1
Yorum
6
Beğeni
5,0
Puan
2293
Okunma

her cümlenin sonunda yeni bir hayat
ve her şiirin sonunda bir acı yaftalanırken yüzümüze
yeni ve son arasında aslında hiçbir fark yoktu.
ikisi de gölgesi hep uzun bir hayatın başlangıcıydı.
güneşin hiç parlamadığı bir korulukta yürüyorum sanki
buruşmuş yüzümde hayatı çepeçevre saran
ağaçların dalları gölgeleniyor,
ayağımın değdiği yerde hışıran yaprakların
çıkardığı sessiz tınıdan anlıyorum
her duraktan sonra yeni bir yağmur yağarmış
ve her yağan yağmurdan sonra
sonbahar yaprakları gibi sararırmış insan.
ve şimdi yazılmış bütün şiirlerin arkasından,
sararan bir sonbahar yaprağı gibi
yere düşüyorum sanki.
nereye dokunsam ve nereye bassam
bir hüzün yumağıyım,
bir hüznün hikayesiyim.
bu hikayenin içinde sadece hükmünü
doldurmuş bir ölüm yok,
onun dışında ne ararsan var.
oyunlarını henüz küçükken oynayamamış bir çocuk,
bir bardak suyu çeşmeden doldururken
hep yarım bıraktığım günler yani
ve zaten hiç dolduramadan
nasıl büyüdüğümü de anlamadan geçen günler.
gençlik derken,sevdalarım
uğruna her gün,her gece ağladığım,
gözyaşlarımın sel olduğu acılar
ve sonra işime hiç gelmeyen
beni hiç tatmin etmeyen
bir basiret,bir olgunluk kaldı sadece geriye.

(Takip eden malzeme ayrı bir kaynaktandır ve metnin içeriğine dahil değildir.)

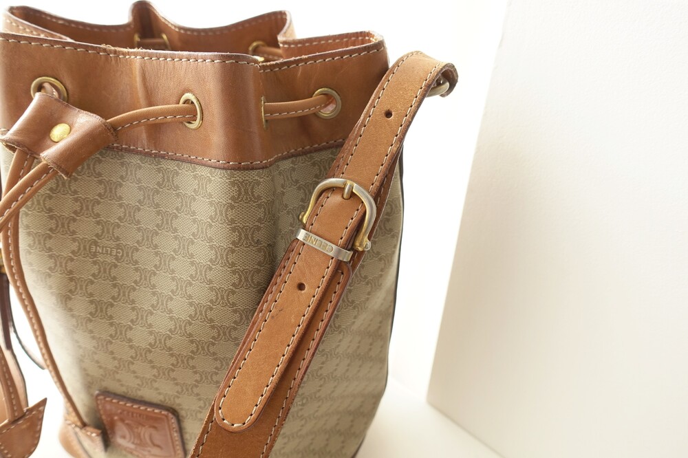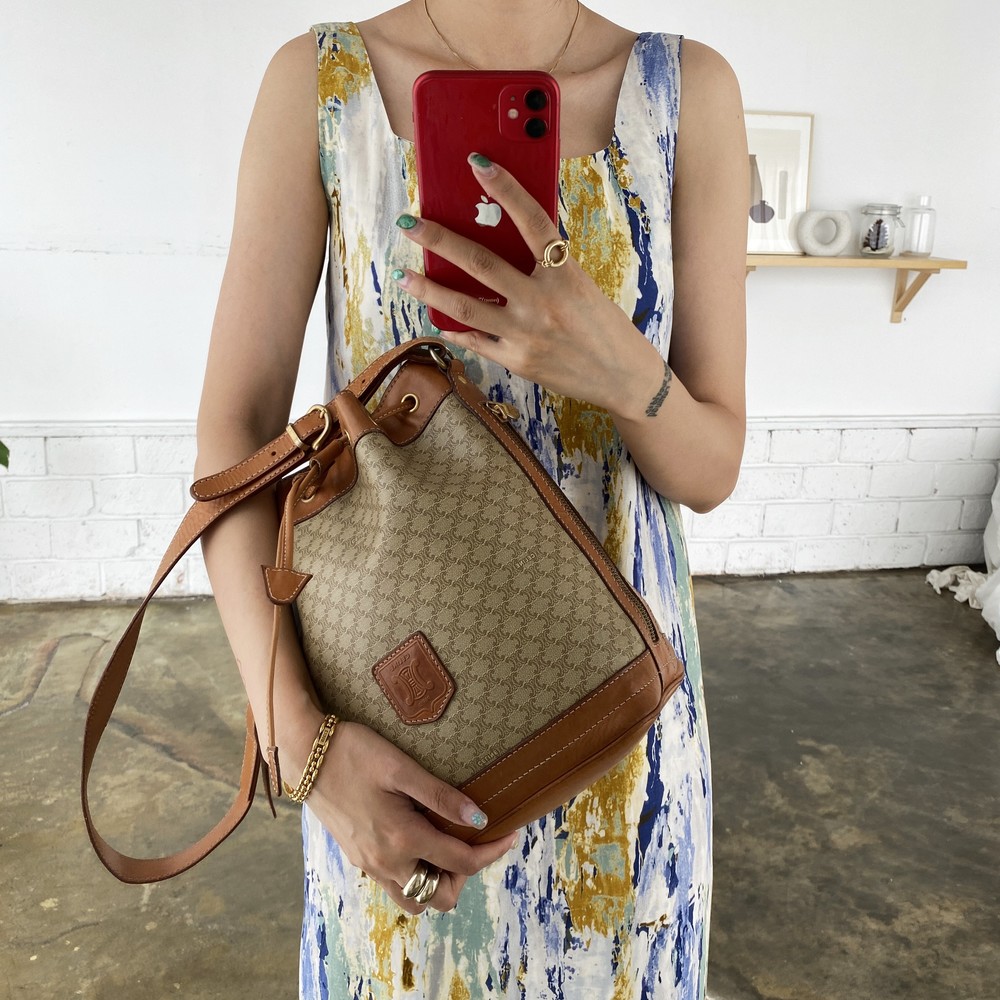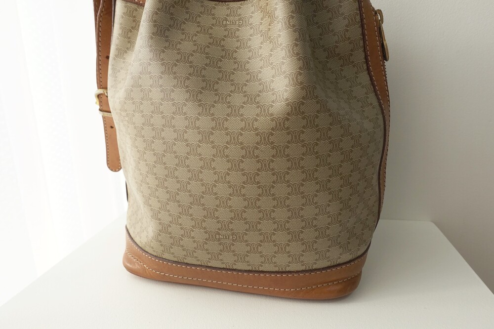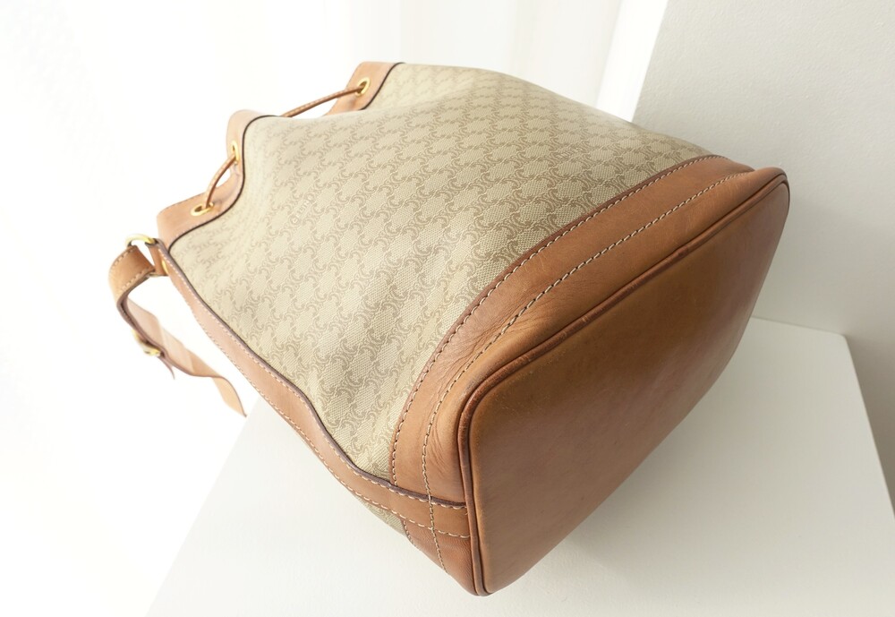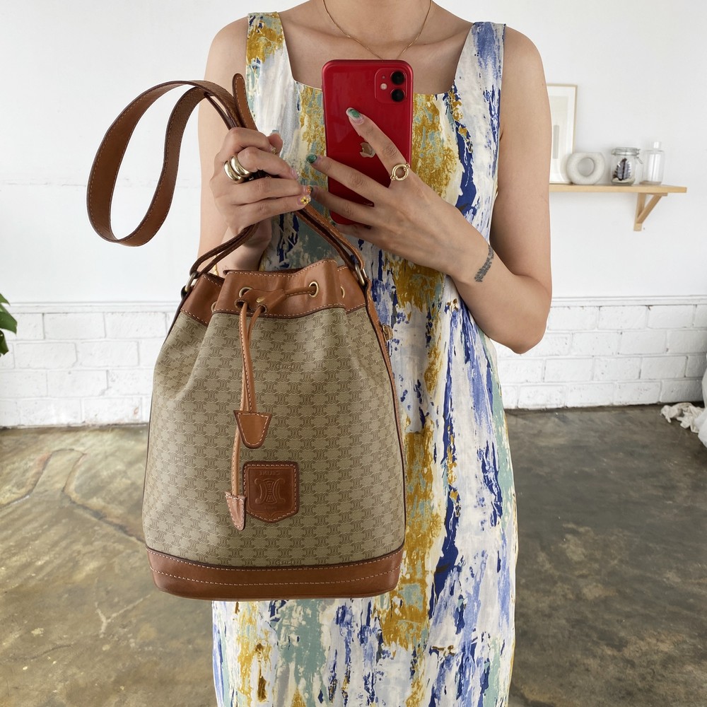 너무나도 잘 에이징 된 내추럴 레더와 마카담 바디 조합이 좋은 버킷 백입니다.

ve şimdi bu yüzden daha çok düşünüyorum,
okuduğum her şiirden sonra
tanrı beni ne zaman ortadan kaldıracak
onun hesabını yapıyorum.
çünkü biliyorum mutlu olmayacağımı
ve bu hayatın yormaktan öteye gitmeyeceğini.
28 ağustos.
5.0
100% (5)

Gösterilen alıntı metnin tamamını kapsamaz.